On May 21, 2024, the SEC’s Division of Corporation Finance issued a statement providing more information on how public companies disclose material cybersecurity incidents on Form 8-K. The rule, which went into effect in December 2023, mandates companies to report incidents considered “material” under Item 1.05 promptly.
Here are the key points of this groundbreaking legislation:
- Companies are urged, but not required, to disclose non-material cybersecurity events.
- The form on which material events are reported must be updated when new information comes to light.
- In considering whether an event is material (and reportable) or non-material, the companies should consider the event’s financial impact, operational disruption, the sensitivity of the data involved, whether regulations or industry standards were violated and the potential damage to a company’s reputation.

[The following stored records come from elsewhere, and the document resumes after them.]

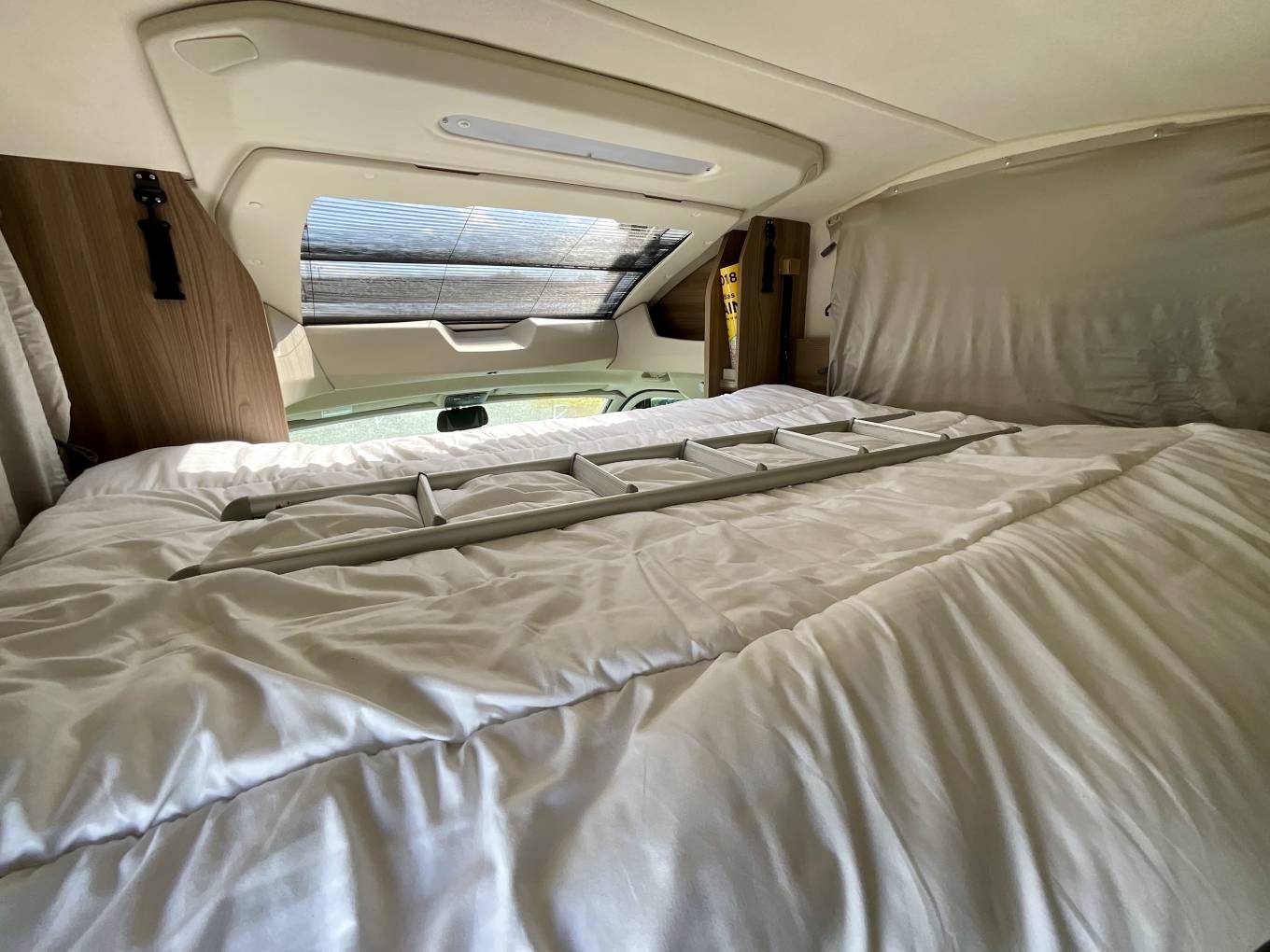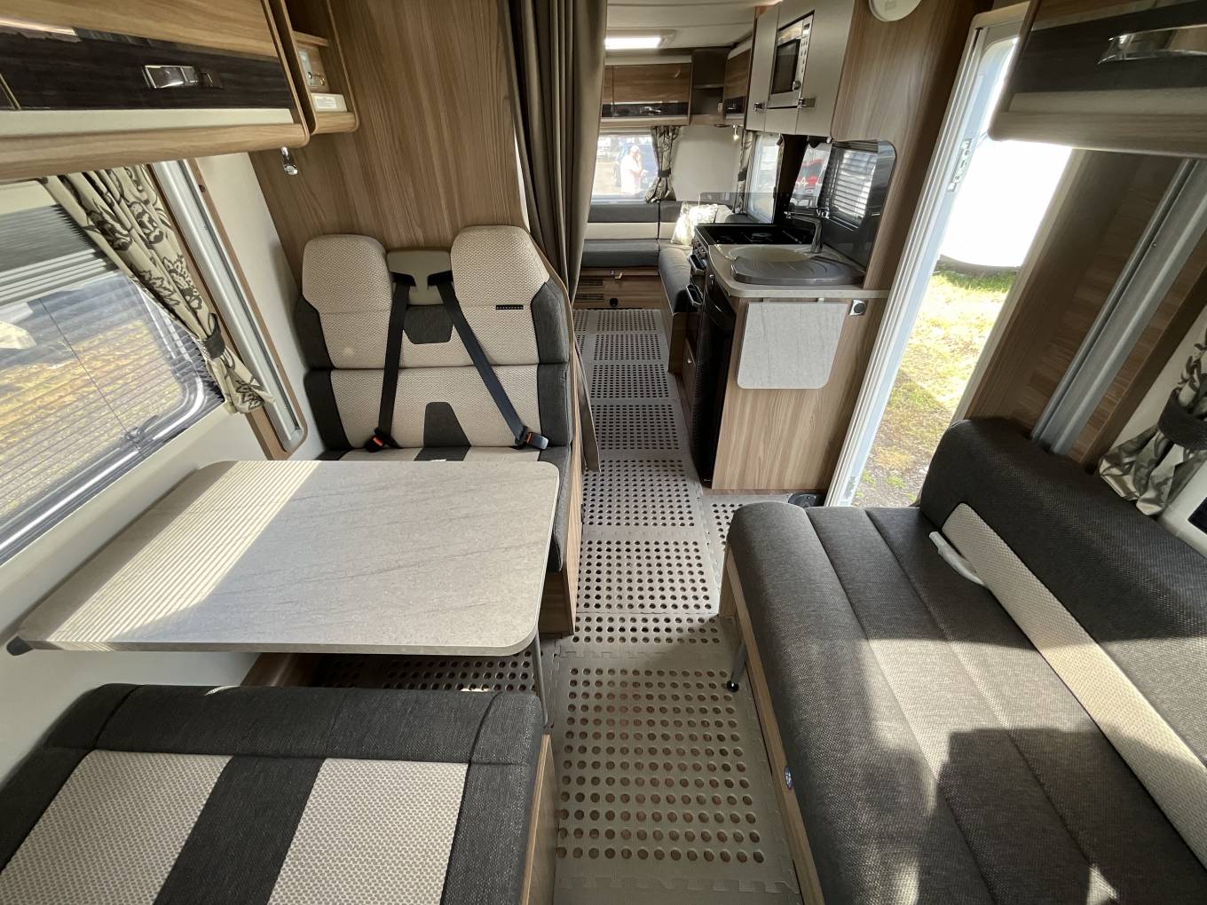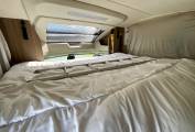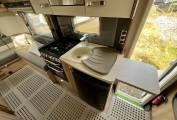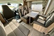 At the front, the double dinette lounge features a clip-in table, perfect for meal times and socialising. The habitation area is heated by a Truma dual fuel system, allowing the use of gas and electric to warm the interior. At night, the large electronic drop down bed can be lowered.
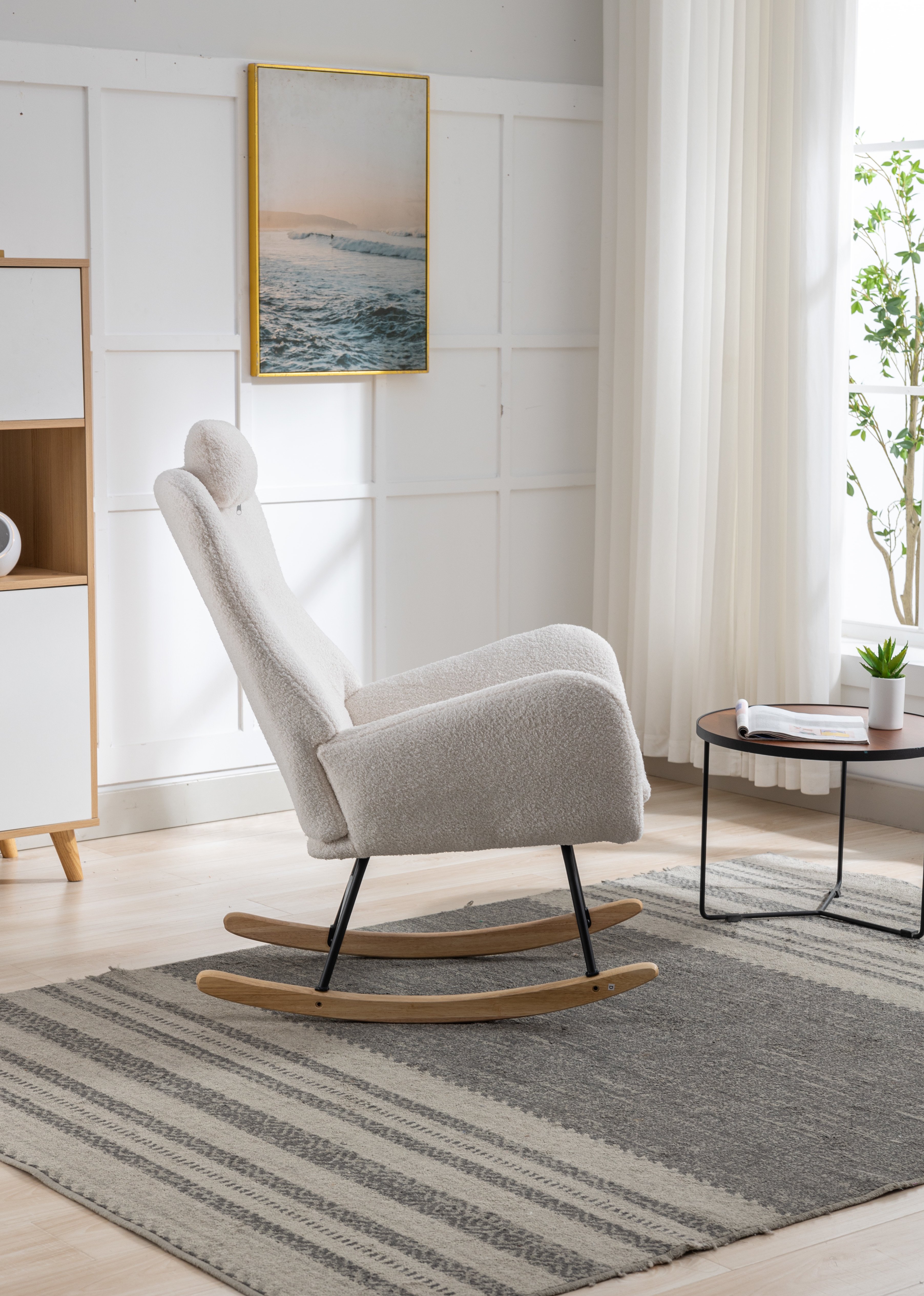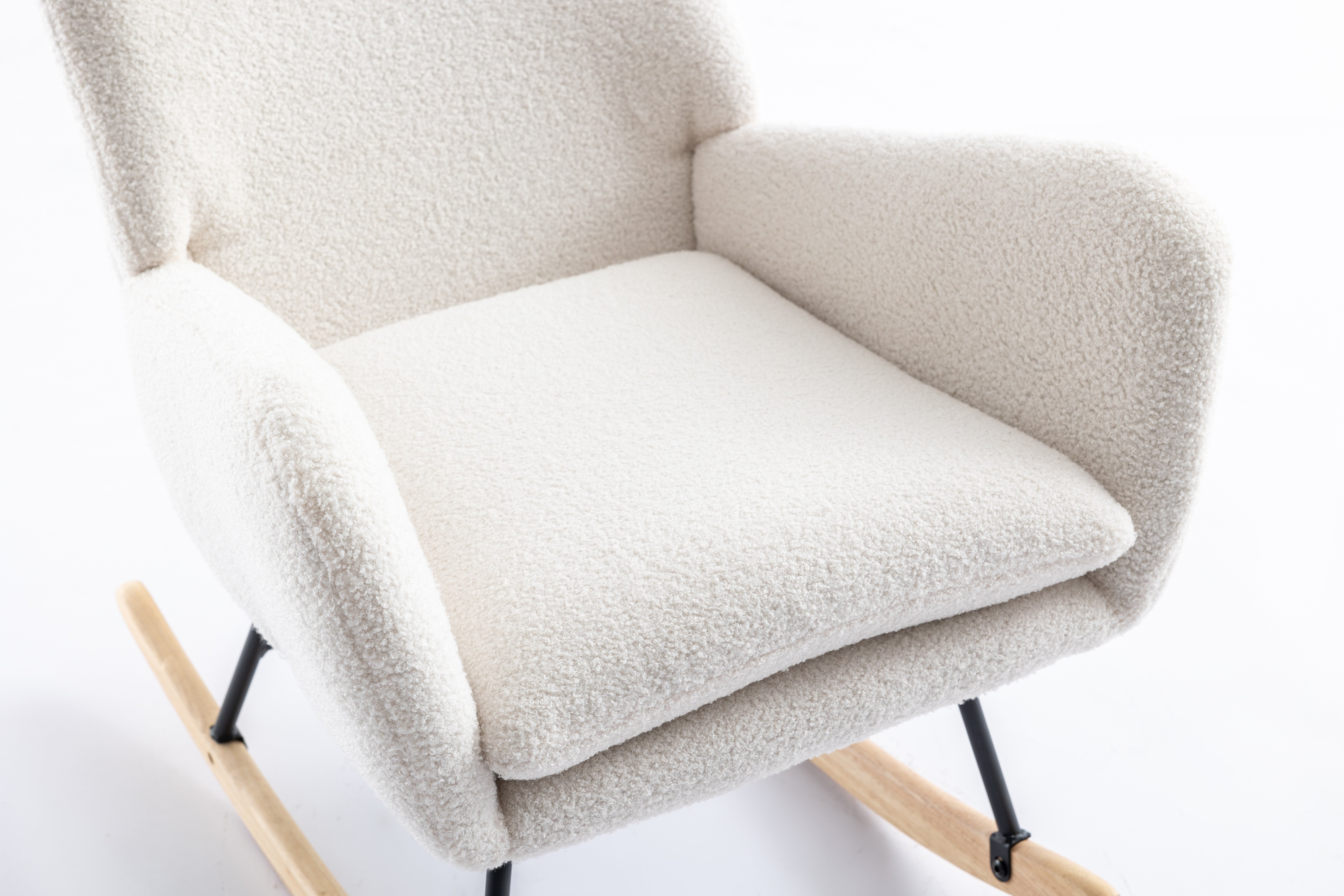[High-quality]: The solid wood bottom and metal frame provide stable support for the rocking chair nursery recliner. With the safe bottom tilt design, both adults and children can enjoy the fun and leisure time brought by the rocking chair indoor. It is suitable for the living room, bedroom, nursery, porch, office.
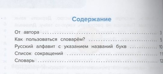 Словарь содержит более тысячи слов. Среди них - однозначные и многозначные слова, омонимы, слова устаревшие и новые. Основная задача словаря - научить младших школьников находить информацию в словаре, расширить их словарный запас, сформировать интерес к изучению русского языка.
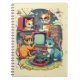 Notebook in a whimsical illustration featuring four playful cats enjoying retro media devices. One cat sits beside a vintage TV, while another, wearing red glasses, is perched on stacks of books and records. A turntable and cassette player evoke a mid-century aesthetic.
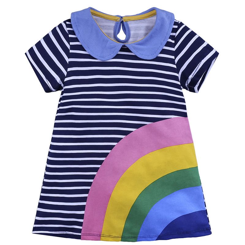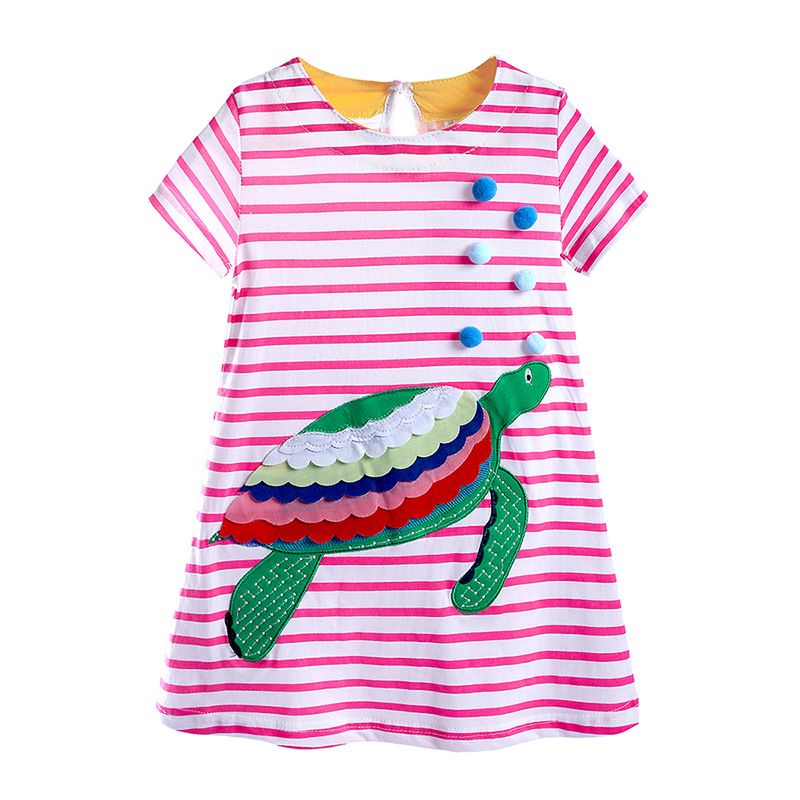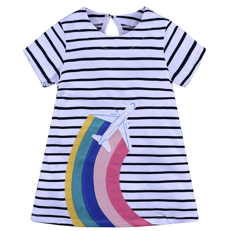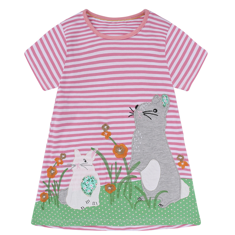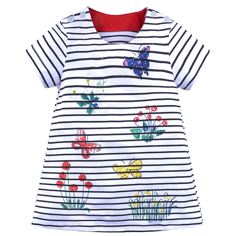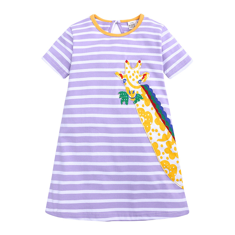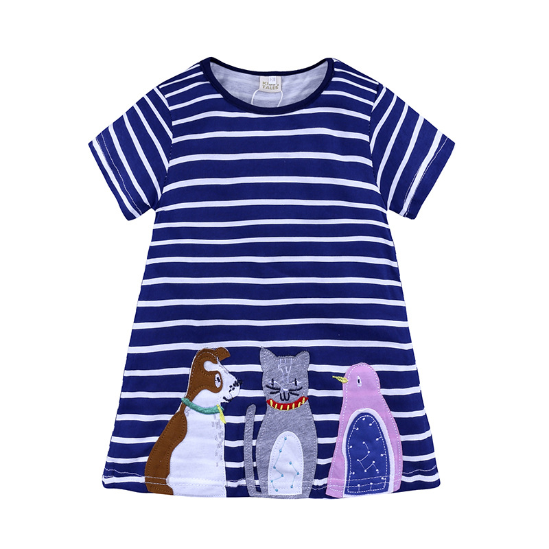 【款式】品牌童装 短袖女童连衣裙 针织纯棉童裙夏季卡通条纹长裙

Who does it apply to: Public companies
When does it become effective: December 1, 2023
What does it do: Requires public companies to disclose material cybersecurity events
Why was this law created: To clarify material reporting requirements to hold all public companies to the same standards
Potential Problems (or the law of unanticipated consequences which should have been anticipated): The main challenge for in-house counsel will be to determine whether a cybersecurity event is material or not, when an event changes from non-material to material, and how best to word the disclosure. [However, given the overturning of the Chevron precedent (which required courts to defer to a federal agency’s reasonable statutory interpretation), it is possible that SEC rules will be some of the first to be re-examined by the federal court system providing a huge advantage to corporate America wishing to rid itself of those pesky regulations.]